Tags: number theory , digit , divide , divisible

Is there a number whose digits are only $1$'s and which is divided by $1999$?

2015 May Olympiad, 4

Tags: sum of digits , digit , number theory

We say that a number is [i]superstitious [/i] when it is equal to $13$ times the sum of its digits . Find all superstitious numbers.

2016 Ecuador Juniors, 1

Tags: number theory , digit

A natural number of five digits is called [i]Ecuadorian [/i]if it satisfies the following conditions: $\bullet$ All its digits are different. $\bullet$ The digit on the far left is equal to the sum of the other four digits. Example: $91350$ is an Ecuadorian number since $9 = 1 + 3 + 5 + 0$, but $54210$ is not since $5 \ne 4 + 2 + 1 + 0$. Find how many Ecuadorian numbers exist.

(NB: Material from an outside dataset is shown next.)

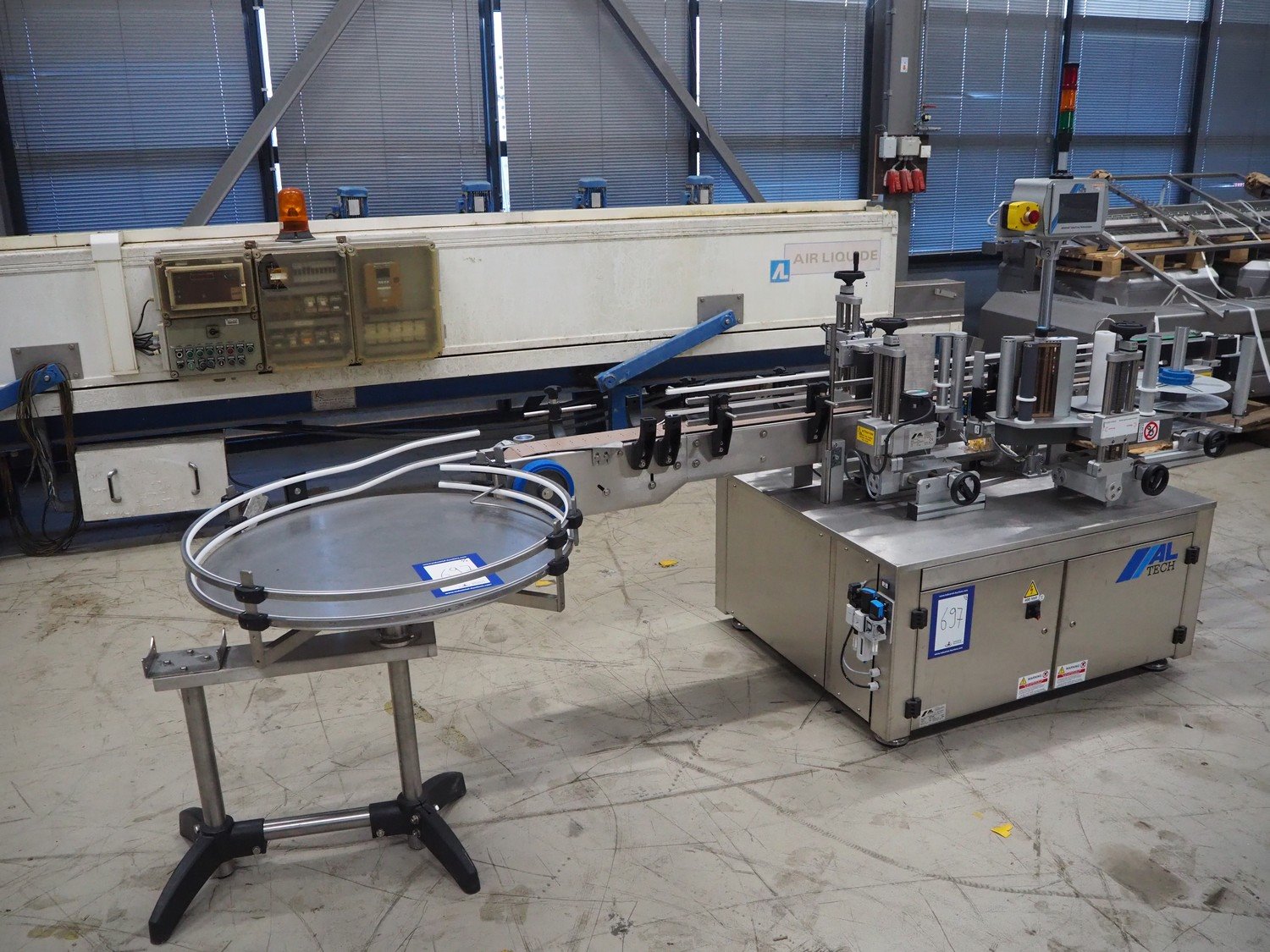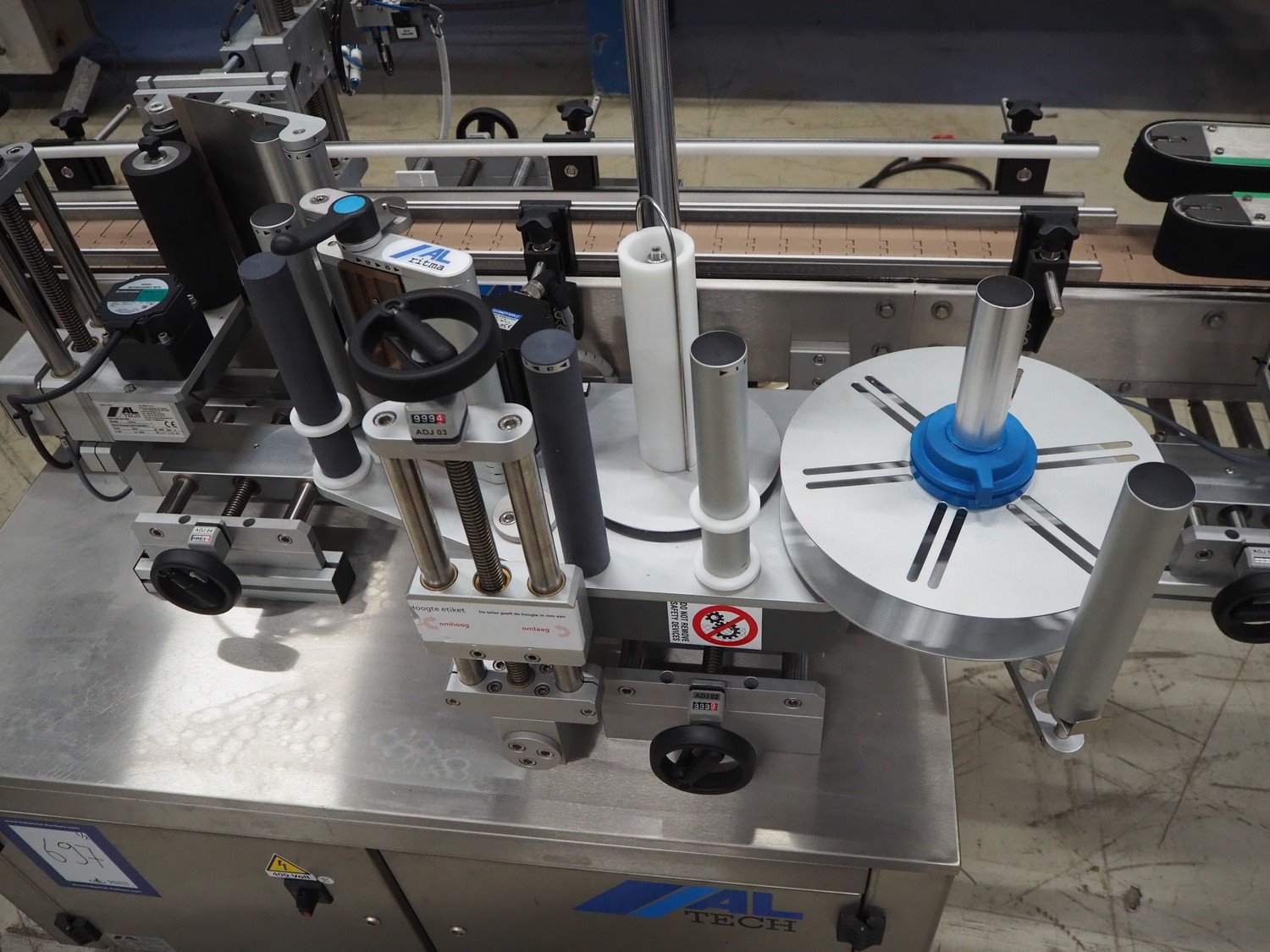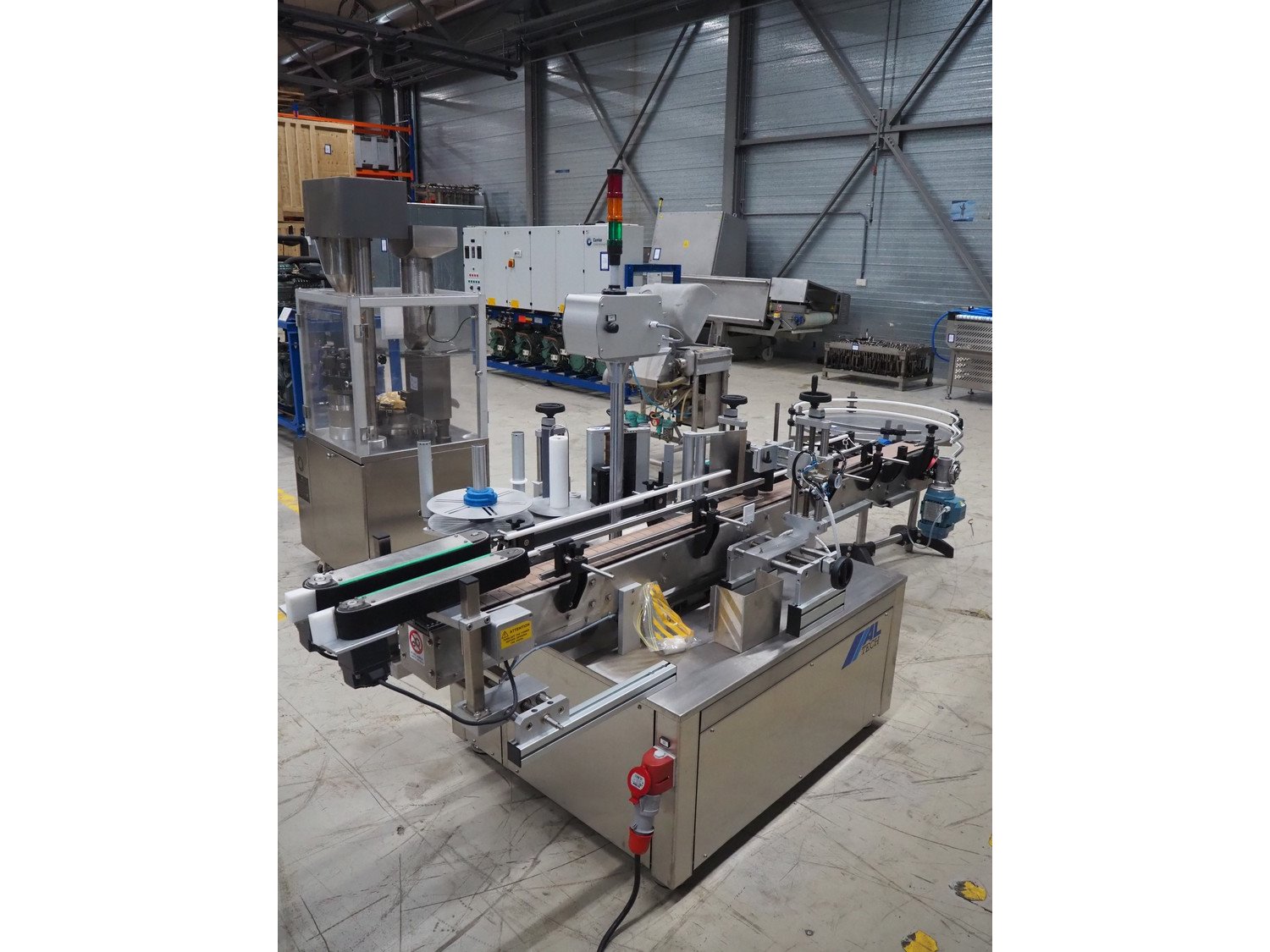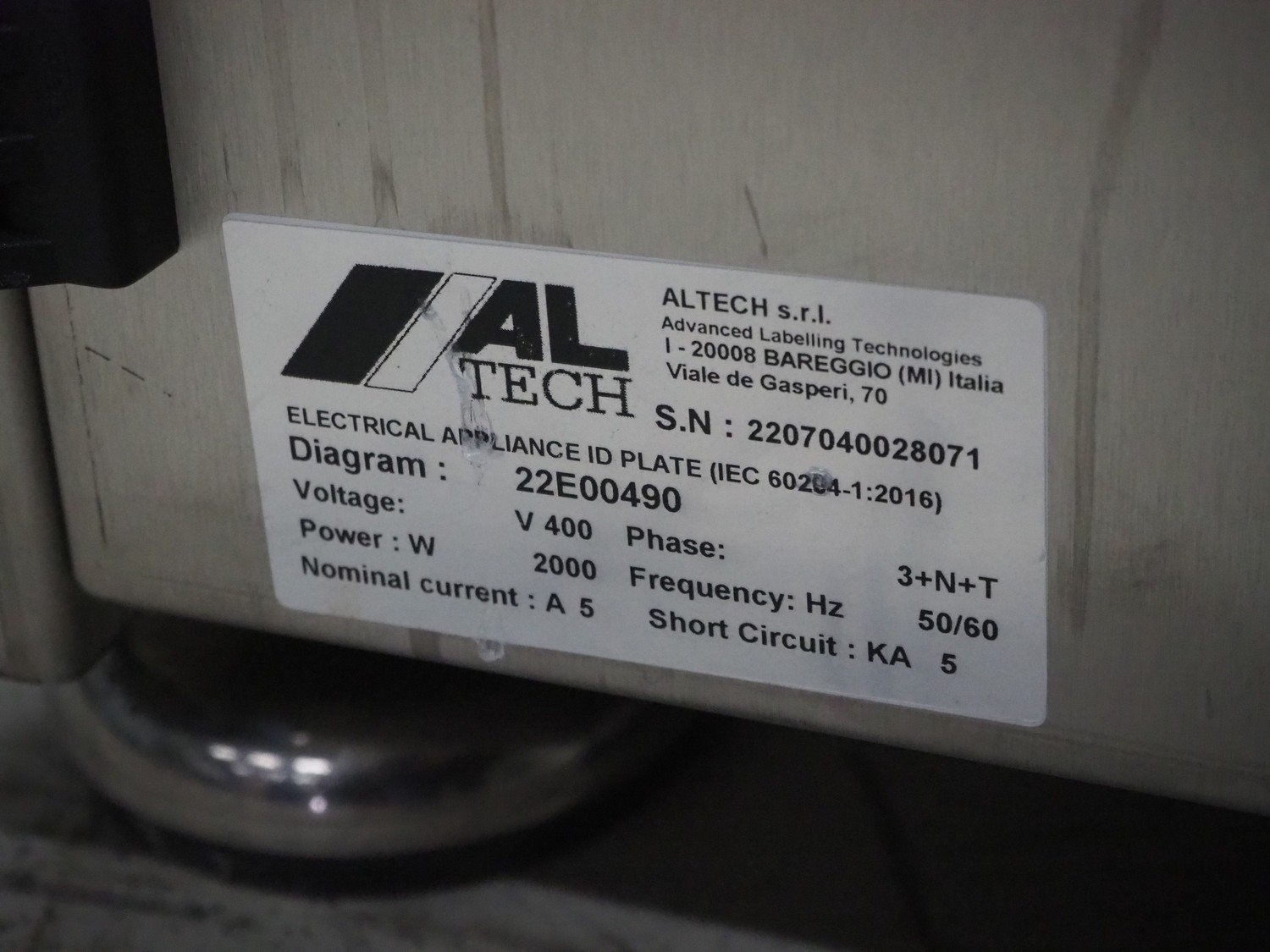 Altech s.r.l. labelling machine with turning table, serial number: 2207040028071, 400 V, 3 Ph, 50/60 Hz, 5 A, 2000 W, plastic belts, belt width: (2x) 55 mm, (1x) 115 mm, total dimensions: 2850 mm x 1150 mm x 1900 mm. With s/s turning table, diameter: 800 mm, total dimensions: 1050 mm x 900 mm x 930 mm.

2004 German National Olympiad, 3

Tags: number theory , divisibility , digit , sum of digits

Prove that for every positive integer $n$ there is an $n$-digit number $z$ with none of its digits $0$ and such that $z$ is divisible by its sum of digits.

1990 IMO Longlists, 65

Tags: pigeonhole principle , number theory , decimal representation , divisibility , multiple , digit

Prove that every integer $ k$ greater than 1 has a multiple that is less than $ k^4$ and can be written in the decimal system with at most four different digits.

2012 Denmark MO - Mohr Contest, 4

Tags: number theory , digit

Two two-digit numbers $a$ and b satisfy that the product $a \cdot b$ divides the four-digit number one gets by writing the two digits in $a$ followed by the two digits in $b$. Determine all possible values of $a$ and $b$.

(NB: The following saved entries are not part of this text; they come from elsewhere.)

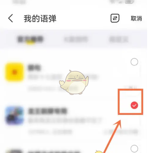 1、打开app对玩页,点击右上角“我的语弹”图标。
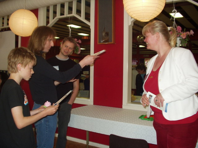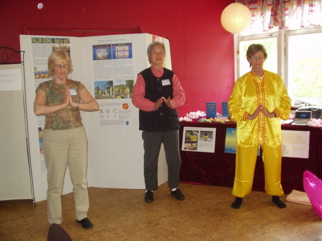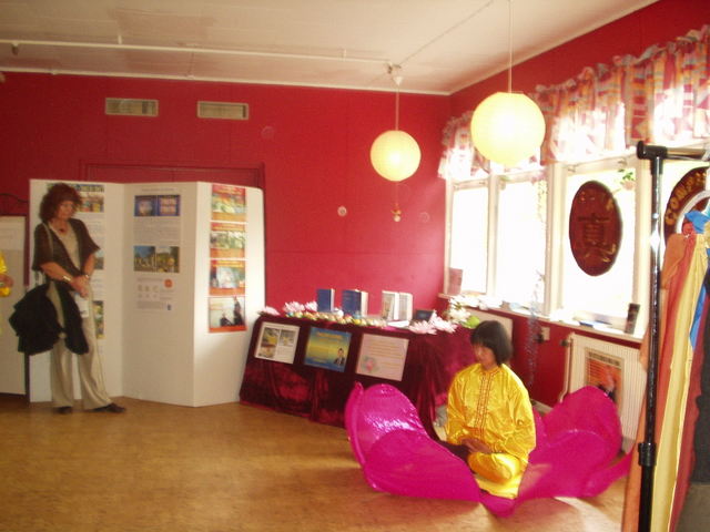 许多人高兴的收下学员们手工制的纸莲花,孩子们都快乐的学习折纸莲花的方法,而且值得一提的是,有些孩子因此而安静下来。有很多人驻足观看学员们展示功法,其中有一位参展者表示,她感到法轮功学员的展位散发强烈的能量场,而且在学员们展示功法时她也能感受到强烈的能量。
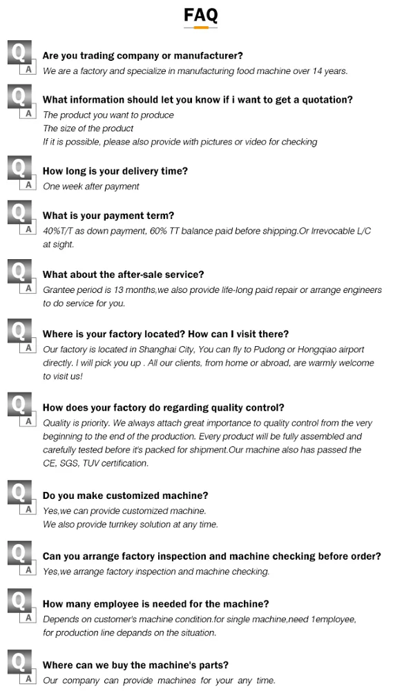 | Package Preview: | ; | Application fields: | Snack food factory,Commercial catering,Meat processing plants,Frozen food Factory,Dairy products factory,Cooking oil factory,Fruit processing plant,flour mill,Beverage Factory,Cannery,Vegetable processing plant,Seasoning plant,BAKERY,WINERY; |
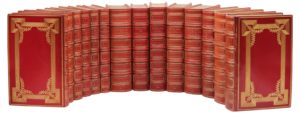 Paris, Charpentier, 1871-1893. 21 volumes in-12, maroquin rouge, encadrement de filets et écoinçons feuillagés et dorés, doublures de maroquin bleu, tranches dorées, couverture, étuis (Lortic fils).Exceptionnelle collection complète des vingt romans du cycle des Rougon-Macquart en édition originale.
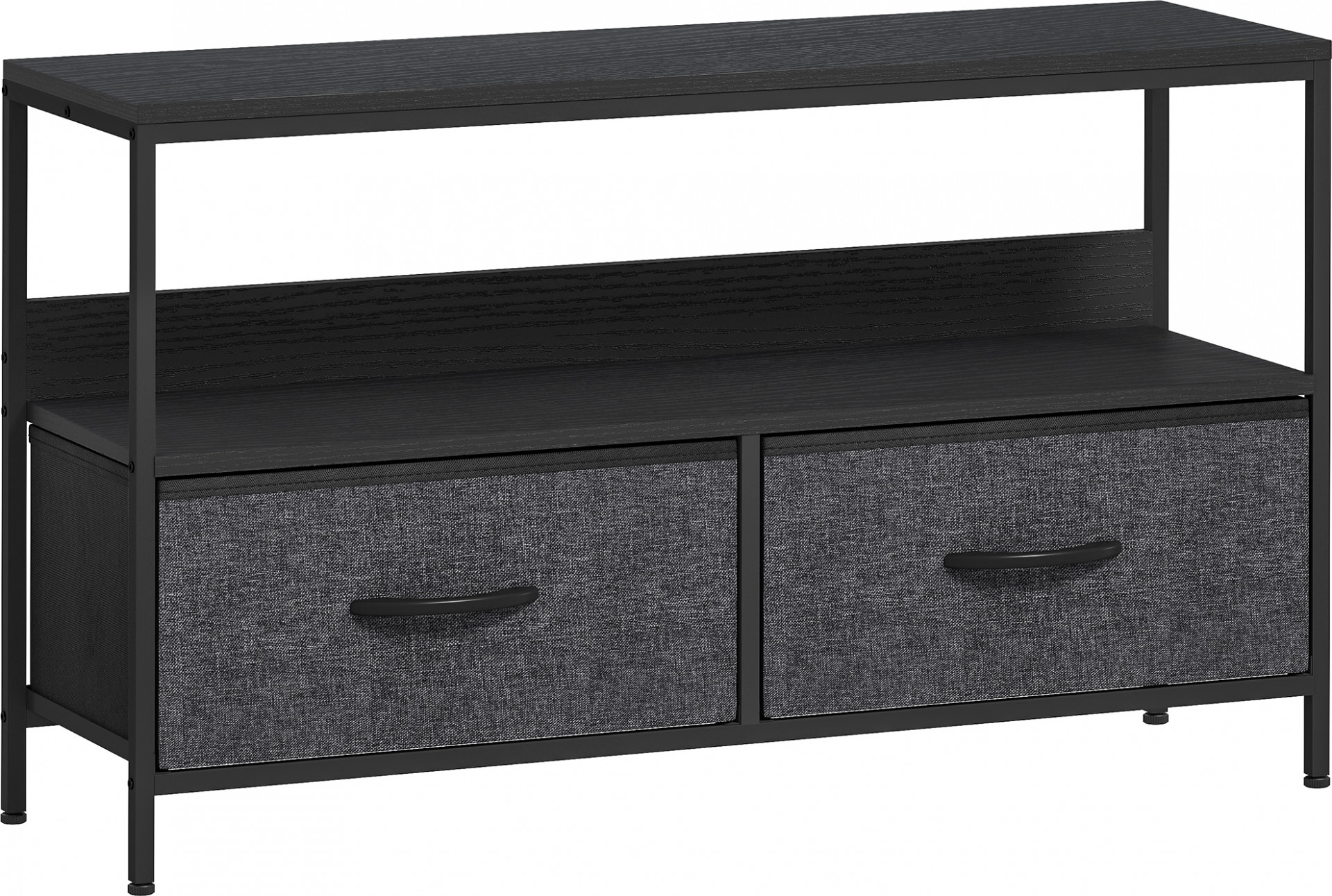 TV stolek se 2 výklopnými látkovými zásuvkami a policí 98 x 29 x 56 cm | černý

2019 Durer Math Competition Finals, 12

Tags: number theory , polynomial , last digit , digit

$P$ and $Q$ are two different non-constant polynomials such that $P(Q(x)) = P(x)Q(x)$ and $P(1) = P(-1) = 2019$. What are the last four digits of $Q(P(-1))$?

2009 Mathcenter Contest, 5

Tags: number theory , digit , power of 2

For $n\in\mathbb{N}$, prove that $2^n$ can begin with any sequence of digits. Hint: $\log 2$ is irrational number.

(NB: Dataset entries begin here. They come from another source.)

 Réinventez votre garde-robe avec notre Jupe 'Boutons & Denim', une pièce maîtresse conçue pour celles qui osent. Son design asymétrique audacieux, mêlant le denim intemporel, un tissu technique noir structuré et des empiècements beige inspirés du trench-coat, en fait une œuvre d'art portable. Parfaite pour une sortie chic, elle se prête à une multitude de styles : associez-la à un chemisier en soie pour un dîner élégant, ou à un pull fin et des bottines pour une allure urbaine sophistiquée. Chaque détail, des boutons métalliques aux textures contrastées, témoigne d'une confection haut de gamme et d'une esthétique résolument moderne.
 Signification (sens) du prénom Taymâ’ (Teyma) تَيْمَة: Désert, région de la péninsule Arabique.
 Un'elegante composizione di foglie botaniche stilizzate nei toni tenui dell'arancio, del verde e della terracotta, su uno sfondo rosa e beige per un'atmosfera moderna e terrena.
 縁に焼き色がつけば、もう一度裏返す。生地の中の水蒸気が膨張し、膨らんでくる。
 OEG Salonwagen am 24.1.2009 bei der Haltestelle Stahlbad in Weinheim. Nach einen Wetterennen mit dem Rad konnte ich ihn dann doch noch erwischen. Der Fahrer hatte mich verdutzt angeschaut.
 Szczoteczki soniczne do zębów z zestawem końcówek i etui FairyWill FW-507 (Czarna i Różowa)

2012 Bosnia and Herzegovina Junior BMO TST, 2

Tags: transformation , combinatorics , digit

Let $\overline{abcd}$ be $4$ digit number, such that we can do transformations on it. If some two neighboring digits are different than $0$, then we can decrease both digits by $1$ (we can transform $9870$ to $8770$ or $9760$). If some two neighboring digits are different than $9$, then we can increase both digits by $1$ (we can transform $9870$ to $9980$ or $9881$). Can we transform number $1220$ to: $a)$ $2012$ $b)$ $2021$

2017 Irish Math Olympiad, 1

Tags: multiple , digit , number theory

Determine, with proof, the smallest positive multiple of $99$ all of whose digits are either $1$ or $2$.

2013 Saudi Arabia IMO TST, 3

Tags: digit , divisor , number theory

For a positive integer $n$, we consider all its divisors (including $1$ and itself). Suppose that $p\%$ of these divisors have their unit digit equal to $3$. (For example $n = 117$, has six divisors, namely $1,3,9,13,39,117$. Two of these divisors namely $3$ and $13$, have unit digits equal to $3$. Hence for $n = 117$, $p =33.33...$). Find, when $n$ is any positive integer, the maximum possible value of $p$.

2018 Pan-African Shortlist, N2

Tags: number theory , divisibility , digit

A positive integer is called special if its digits can be arranged to form an integer divisible by $4$. How many of the integers from $1$ to $2018$ are special?